Exercise requirements
Retype only the lines below from the one with "靈靈全身有91%的燒傷,大多" to the one with "Ideal for small", inclusive, skipping every image.
==============================
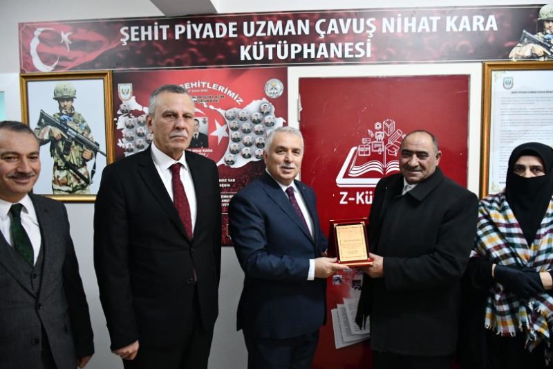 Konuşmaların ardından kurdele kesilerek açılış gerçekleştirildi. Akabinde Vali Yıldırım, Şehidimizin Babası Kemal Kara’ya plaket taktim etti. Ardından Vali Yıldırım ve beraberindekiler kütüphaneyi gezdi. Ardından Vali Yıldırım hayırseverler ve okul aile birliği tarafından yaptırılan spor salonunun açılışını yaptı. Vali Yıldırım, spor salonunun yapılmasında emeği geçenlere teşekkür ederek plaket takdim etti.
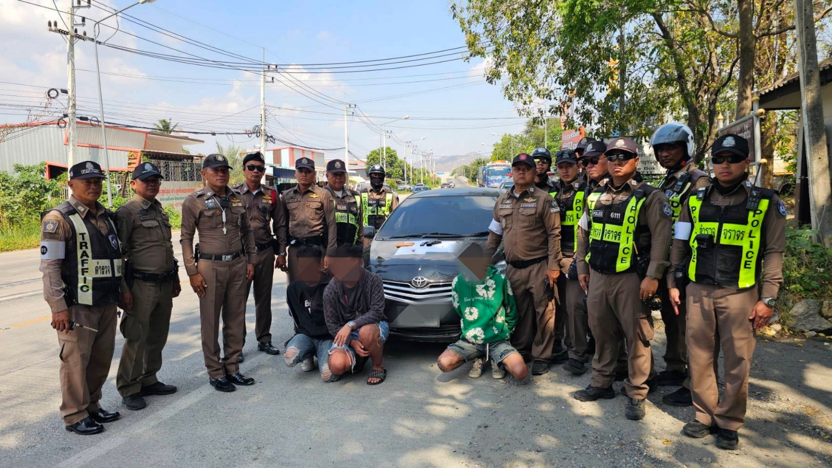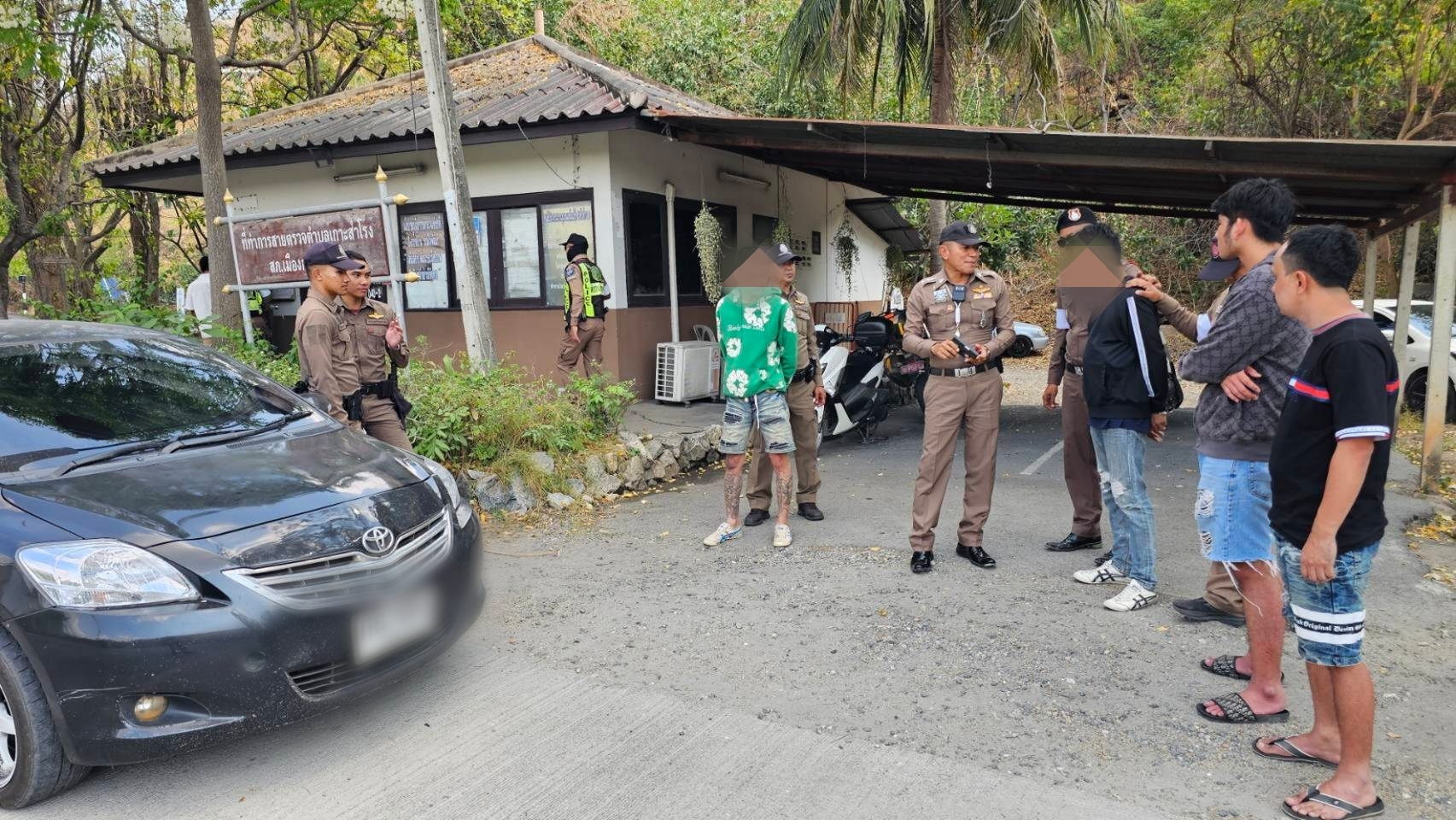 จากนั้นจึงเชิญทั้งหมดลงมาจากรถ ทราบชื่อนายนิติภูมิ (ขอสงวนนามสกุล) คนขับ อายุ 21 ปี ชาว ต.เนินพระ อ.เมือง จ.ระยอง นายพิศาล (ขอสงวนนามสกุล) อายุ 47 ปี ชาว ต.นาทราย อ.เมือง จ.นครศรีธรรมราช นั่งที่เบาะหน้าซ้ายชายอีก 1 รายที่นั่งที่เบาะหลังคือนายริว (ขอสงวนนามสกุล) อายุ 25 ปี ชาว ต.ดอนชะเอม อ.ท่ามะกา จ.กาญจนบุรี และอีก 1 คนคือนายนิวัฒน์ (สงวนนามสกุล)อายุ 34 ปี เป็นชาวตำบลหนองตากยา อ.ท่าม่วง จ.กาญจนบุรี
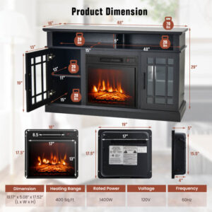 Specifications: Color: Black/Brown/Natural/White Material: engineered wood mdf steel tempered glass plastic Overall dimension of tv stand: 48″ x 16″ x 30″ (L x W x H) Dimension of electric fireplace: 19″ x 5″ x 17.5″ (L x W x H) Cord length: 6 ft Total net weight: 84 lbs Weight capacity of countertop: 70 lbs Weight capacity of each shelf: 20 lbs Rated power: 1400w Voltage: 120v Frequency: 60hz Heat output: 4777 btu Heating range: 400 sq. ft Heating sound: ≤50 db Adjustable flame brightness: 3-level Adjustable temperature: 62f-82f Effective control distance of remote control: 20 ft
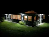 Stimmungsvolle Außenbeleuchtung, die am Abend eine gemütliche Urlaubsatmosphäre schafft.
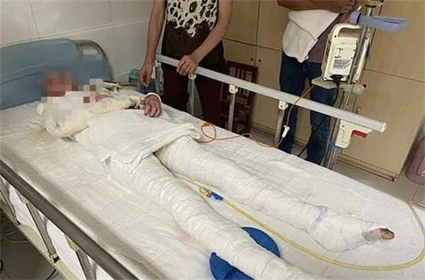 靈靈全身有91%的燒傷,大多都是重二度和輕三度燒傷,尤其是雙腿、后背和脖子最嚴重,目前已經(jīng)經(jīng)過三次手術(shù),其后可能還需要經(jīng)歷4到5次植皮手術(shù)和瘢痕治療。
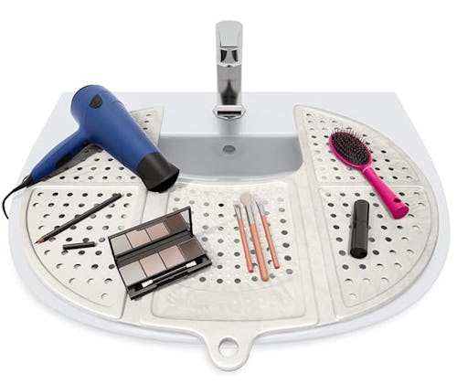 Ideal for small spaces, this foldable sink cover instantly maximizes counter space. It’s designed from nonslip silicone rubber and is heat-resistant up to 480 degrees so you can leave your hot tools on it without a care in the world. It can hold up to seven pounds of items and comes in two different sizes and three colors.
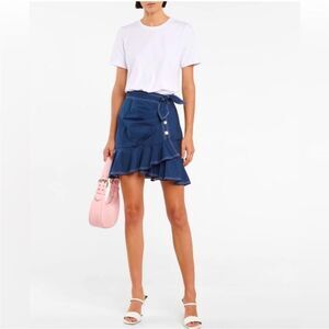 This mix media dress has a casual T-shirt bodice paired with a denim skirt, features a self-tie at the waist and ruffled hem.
==============================
Reply
 靈靈全身有91%的燒傷,大多都是重二度和輕三度燒傷,尤其是雙腿、后背和脖子最嚴重,目前已經(jīng)經(jīng)過三次手術(shù),其后可能還需要經(jīng)歷4到5次植皮手術(shù)和瘢痕治療。
 Ideal for small spaces, this foldable sink cover instantly maximizes counter space. It’s designed from nonslip silicone rubber and is heat-resistant up to 480 degrees so you can leave your hot tools on it without a care in the world. It can hold up to seven pounds of items and comes in two different sizes and three colors.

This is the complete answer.